The final two chapters of Volume I broach important if relatively unstudied features of archaeological work in Amazonia. Underwater archaeology is discussed by Gilson Rambelli who shows its many potentials. Unfortunately, as least in the Guyanese, this potential has already been shown through the mining and dredging operations carried out by gold-miners. Some of the most intriguing archaeological materials recovered have derived from the gold-dredges but are then obviously of little use for scientific interpretation. A more active program of underwater archaeology, as Rambelli shows, would therefore bring many benefits. Related to this accidental pillaging of archaeological materials is the question of tourism discussed by Shirlei Santos for the Rupununi region. A world-wide issue that necessarily asks us to balance 'science' and 'public access' is no less present, even if as yet fairly undeveloped, in Amazonia. Her essay is a welcome reflection on those themes and the role local communities themselves must take in managing their heritage.
Volume II opens with a superb essay on archaeology and cultural memory by Michael Heckenberger. Focusing on late prehistoric occupations after 500 AD the author very convincingly establishes the existence of "macro-regions". This insight matches work also done in the Orinoco Basin and takes Amazonian archaeology well beyond the very limited horizons of site-specific interpretations. This is a major step forward intellectually and allows, as the author notes, archaeological interpretation to be properly situated in larger "schema of historical and ecological change". Subsequent chapters by Eduardo Neves and Helena Lima likewise take up these themes in highly illuminating ways by examining both the nature of archaeological classifications in this light and the idea of a longue durée. Chapters by Lucas Bueno and Claide Moraes then undergird these approaches with specific discussion of lithic technology and chronologies of occupation as well as comparison of circular villages through time. These chapters in turn are nicely complemented by Anne Py-Daniel's discussion of funerary practices at the important Hatahara site in the Solimões River, Arkley Bandeira's discussion of fishing, gathering, hunting and ceramic production along the littoral regions at the mouth of Amazon River, allowing us to appreciate that there can be no simple one-to-one identification of ceramic production with 'settled agriculture'. A similar necessity for caution in applying developmental sequences derived from archaeology elsewhere is demonstrated in Maria Rodet, Vera Guapindaia and Amauri Matos's discussion of lithic and ceramic production more widely in Amazonia.
Gerard Migéon's discussion of the regional relations of the archaeological materials from French Guyana underlines the insights of the earlier chapters in these volumes by reminding us of the need to make interpretation spatially expansive and open to the possibility of relatively intensive regional interactions, in this case connecting the Caribbean to Amazonia. No less important is the chapter by Deusdédit Leite Filho that considers Maranhão and the cultural remains of populations that persisted into the historical era. Interpretation of such materials can have a significant impact on contemporary understandings of ethnicity and history, an issue which is then taken up extensively in the chapter by Fabíola Silva et al. reflecting on the theoretical implications of research, especially archaeological research, amongst extant indigenous populations. Both the subsequent chapters by Ana Galúcio and José Mazz also consider this important relation between ethnography and archaeology in the context of Matis and Tupi-Guarani populations.
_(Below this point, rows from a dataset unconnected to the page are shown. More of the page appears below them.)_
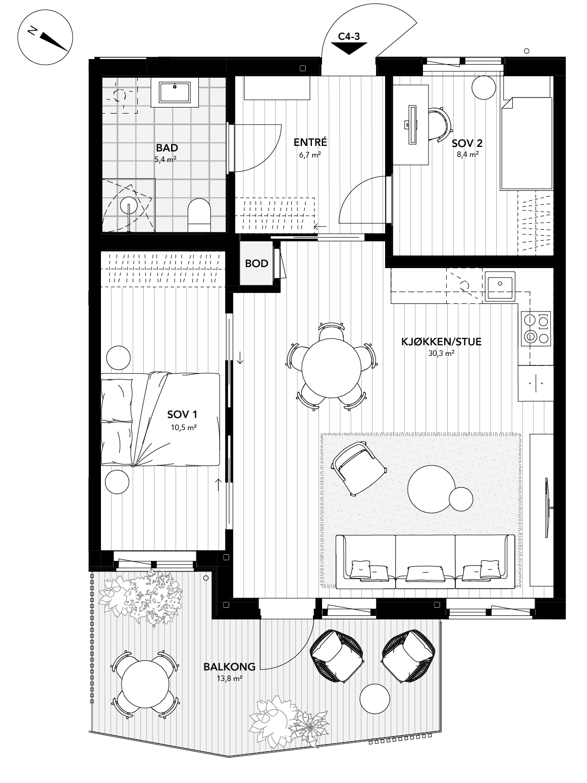 3-roms leilighet i 4 etasje med stor balkong (14 kvm) med utsikt mot fjorden. To romlige soverom. Luftig stue/kjøkken areal med gode møbleringsmuligheter. Egen bod i kjeller.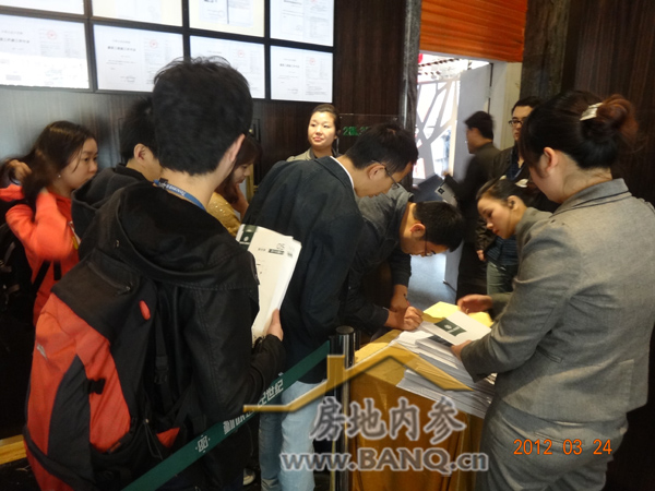 而除此以外,下午2时左右,项目还陆续迎来了3拨搜房团的看楼客,总共200批,人们热情高涨,现场显得十分火爆。若再加上周末一些散客看楼者,今日共有不少300批客户到场。可见项目人气之旺。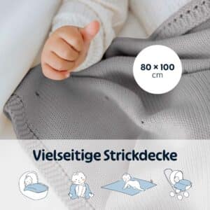 Dank ihrer weichen, elastischen Struktur lässt sich unsere Baby Decke aus Baumwolle auf vielfältige Weise verwenden: als kuschelige Spieldecke, praktische Wickelunterlage für unterwegs oder als gemütliche Unterlage für die Bauchzeit. Auch als stilvolles Wohnaccessoire auf dem Schaukelstuhl oder Sofa macht sie sich wunderbar. Mit ihren praktischen Maßen von 80 x 100 cm passt die Decke problemlos in den Kinderwagen, die Reisetasche oder den Buggy – ideal für unterwegs. Unsere Babydecke aus Strick wird aus reiner, atmungsaktiver Bio-Baumwolle gefertigt, die auf natürliche Weise für eine ausgeglichene Temperatur sorgt: Im Winter hält sie angenehm warm, im Sommer bleibt sie leicht und luftdurchlässig. So schafft sie das ganze Jahr über ein angenehmes Wohlfühlklima für dein Baby. Und selbst wenn dein Baby größer wird, bleibt sie ein wertvolles Stück – sei es für Kuscheltiere, Puppen oder einfach als vertrauter Begleiter aus den ersten Lebensjahren.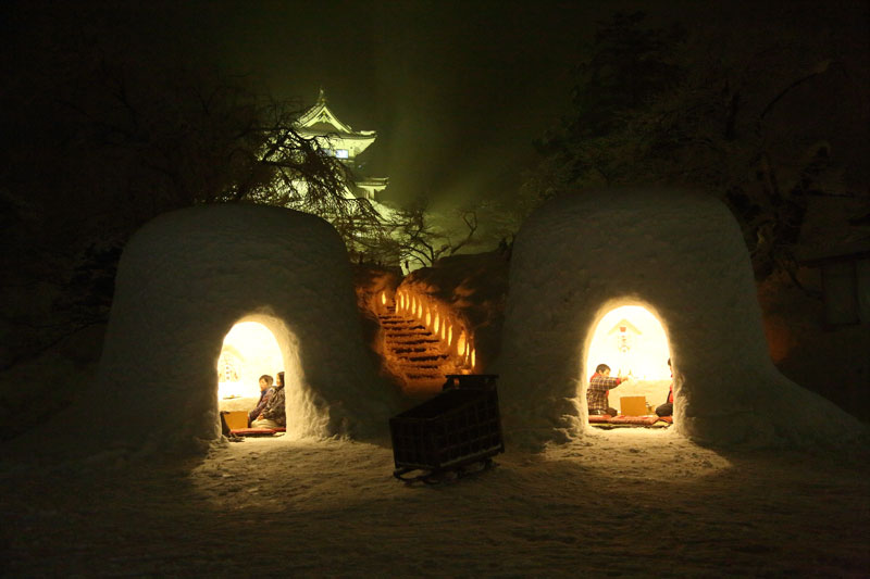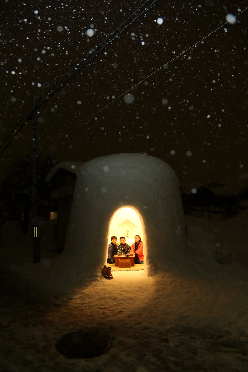 of Yokote choose to embrace the low temperatures as they celebrate the town’s most well known festival. Following a tradition that has been maintained for 400 years, the people build what are known as kamakura—small, round houses that look like igloos—along the streets of the city’s central neighborhoods and leading up to the shadow of Yokote castle.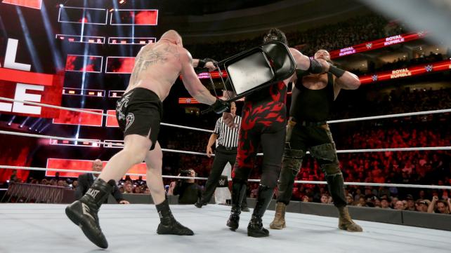 ففي الحدث الأبرز، استطاع #بروك_ليسنر النجاة من الهزيمة على يدي #برون_سترومان و #كين في نزال ثلاثي جمع بينهم على لقب "اليونفيرسال"، وذلك بعد أن استطاع "الوحش" ليسنر تثبيت كين بحركة "أف فايف" ليفوز باللقاء و يحافظ على لقبه، رغم أن المؤشرات الأولية كانت ترجح كفة "القاطرة" برون سترومان للفوز بالنزال.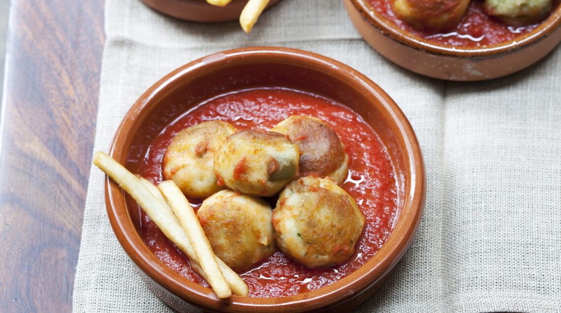 Bacalao andaluso Tra le più gettonate troviamo albondigas (polpettine, crocchette), tipicamente di prosciutto ma anche con funghi, granseole, calamari, gamberi, baccalà o formaggio; olive (aceitunas) speziate, sottaceto o ripiene acciughe o peperoni, bacalao (merluzzo saltato servito con salsa di pomodoro e pane tostato), i calamari all’andalusa (calamaros fritos) tagliati ad anelli e fritti, le patatas bravas (patate in salsa piccante), il polpo alla galiziana, per citarne solo alcune.

The following chapters by Morgan Schmidt and by Manoel Arroyo-Kalin on anthrosoils formation, as well as Rita Scheel-Ybert et al. discussion of palaeoethnobotany, Albérico Queiroz and Olivia Carvalho's examination of zoo-archaeology and José Luiz's examination of geo-physical methodologies in the state of Pará, serve to remind us of the central place that these relatively new approaches to archaeological science hold in enabling the wider interpretations manifest in so many of the other chapters.
It is also very encouraging to see that the volume editors have not taken the narrow view that archaeology is only concerned with the ancient past, or at least the pre-colonial past and this is well validated by Marcos Albuquerque and Veleda Lucena's highly enlightening discussion of colonial fortifications and other built landscapes. Márcia Bezerra's chapter on education and cultural patrimony therefore is very welcome as national self-fashioning takes so many of its cues from how the archaeological past is made manifest through excavation and recovery of artifacts as well as the human landscape sin which such archaeological objects are situated. The concluding chapters to Volume II by Alicia Ebbitt on Belizean experiences with heritage education and Carla Carneiro's discussion of education about cultural patrimony therefore nicely round out the presentation of the various archaeological materials with timely reflection on what the purposes of archaeology itself may be and how to better direct them to constructive ends.
There are 44 separate chapters in the two volumes amounting to over 1000 pages and a minor criticism of the editorial strategy is that there is no thematic or topical grouping of the various contributions. Although this does not undermine the overall value of the volumes it leaves the reader (or reviewer) to wonder about the wider connections that could be inferred from the materials presented. Certainly overly-broad characterizations of this vast region would be premature, as the chapters themselves clearly demonstrate, but eventually it will become necessary even if to fracture the very category of 'Amazonia' itself. In the meanwhile the authors and especially editors are to be warmly congratulated on the production of such intellectually indispensable volumes.